Work instructions: Records follow. Select each line holding "simple".

Extracted material:
=-=-=-=-=

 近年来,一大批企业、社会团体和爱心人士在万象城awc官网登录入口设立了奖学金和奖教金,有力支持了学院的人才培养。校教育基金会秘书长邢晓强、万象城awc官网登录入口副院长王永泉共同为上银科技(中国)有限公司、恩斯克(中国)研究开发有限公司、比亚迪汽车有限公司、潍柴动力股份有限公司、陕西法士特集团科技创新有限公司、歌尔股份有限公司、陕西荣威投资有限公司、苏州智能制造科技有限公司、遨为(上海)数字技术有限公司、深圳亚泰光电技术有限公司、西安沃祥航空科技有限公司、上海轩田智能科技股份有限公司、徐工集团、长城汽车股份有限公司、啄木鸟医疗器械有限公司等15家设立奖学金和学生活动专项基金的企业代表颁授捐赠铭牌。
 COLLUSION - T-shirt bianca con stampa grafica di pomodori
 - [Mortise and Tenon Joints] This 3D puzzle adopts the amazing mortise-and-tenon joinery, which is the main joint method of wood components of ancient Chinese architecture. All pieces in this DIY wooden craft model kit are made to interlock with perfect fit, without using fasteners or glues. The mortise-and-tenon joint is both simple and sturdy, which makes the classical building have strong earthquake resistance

=-=-=-=-=

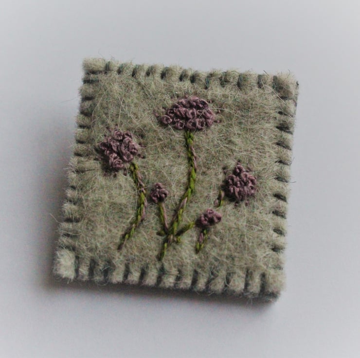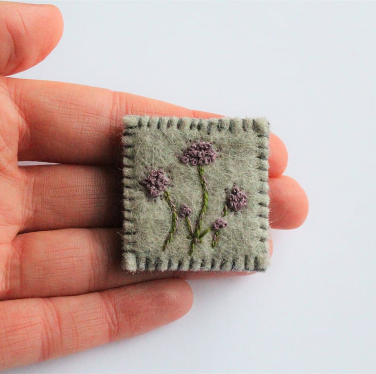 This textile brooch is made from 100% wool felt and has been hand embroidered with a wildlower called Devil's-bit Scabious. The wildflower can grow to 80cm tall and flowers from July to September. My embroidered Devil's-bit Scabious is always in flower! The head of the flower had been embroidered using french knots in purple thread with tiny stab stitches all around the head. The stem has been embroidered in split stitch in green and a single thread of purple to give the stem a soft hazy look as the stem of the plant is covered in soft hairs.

=-=-=-=-=

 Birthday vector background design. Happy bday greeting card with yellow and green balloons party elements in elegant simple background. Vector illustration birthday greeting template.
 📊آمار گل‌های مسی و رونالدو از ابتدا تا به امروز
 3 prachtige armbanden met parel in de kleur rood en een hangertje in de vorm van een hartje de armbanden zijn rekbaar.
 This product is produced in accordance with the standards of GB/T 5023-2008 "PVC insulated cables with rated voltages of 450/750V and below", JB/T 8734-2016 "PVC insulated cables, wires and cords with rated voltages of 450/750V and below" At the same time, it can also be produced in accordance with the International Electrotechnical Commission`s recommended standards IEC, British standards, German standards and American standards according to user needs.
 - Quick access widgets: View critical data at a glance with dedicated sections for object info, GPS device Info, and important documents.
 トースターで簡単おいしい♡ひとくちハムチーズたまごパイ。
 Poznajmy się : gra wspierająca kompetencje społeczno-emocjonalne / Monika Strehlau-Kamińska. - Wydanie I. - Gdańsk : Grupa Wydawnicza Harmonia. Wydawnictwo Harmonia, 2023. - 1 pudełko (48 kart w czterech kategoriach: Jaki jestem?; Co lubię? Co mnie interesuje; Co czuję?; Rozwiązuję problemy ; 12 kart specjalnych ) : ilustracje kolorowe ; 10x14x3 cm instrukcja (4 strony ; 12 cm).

=-=-=-=-=

Output of the exercise:
 - [Mortise and Tenon Joints] This 3D puzzle adopts the amazing mortise-and-tenon joinery, which is the main joint method of wood components of ancient Chinese architecture. All pieces in this DIY wooden craft model kit are made to interlock with perfect fit, without using fasteners or glues. The mortise-and-tenon joint is both simple and sturdy, which makes the classical building have strong earthquake resistance
 Birthday vector background design. Happy bday greeting card with yellow and green balloons party elements in elegant simple background. Vector illustration birthday greeting template.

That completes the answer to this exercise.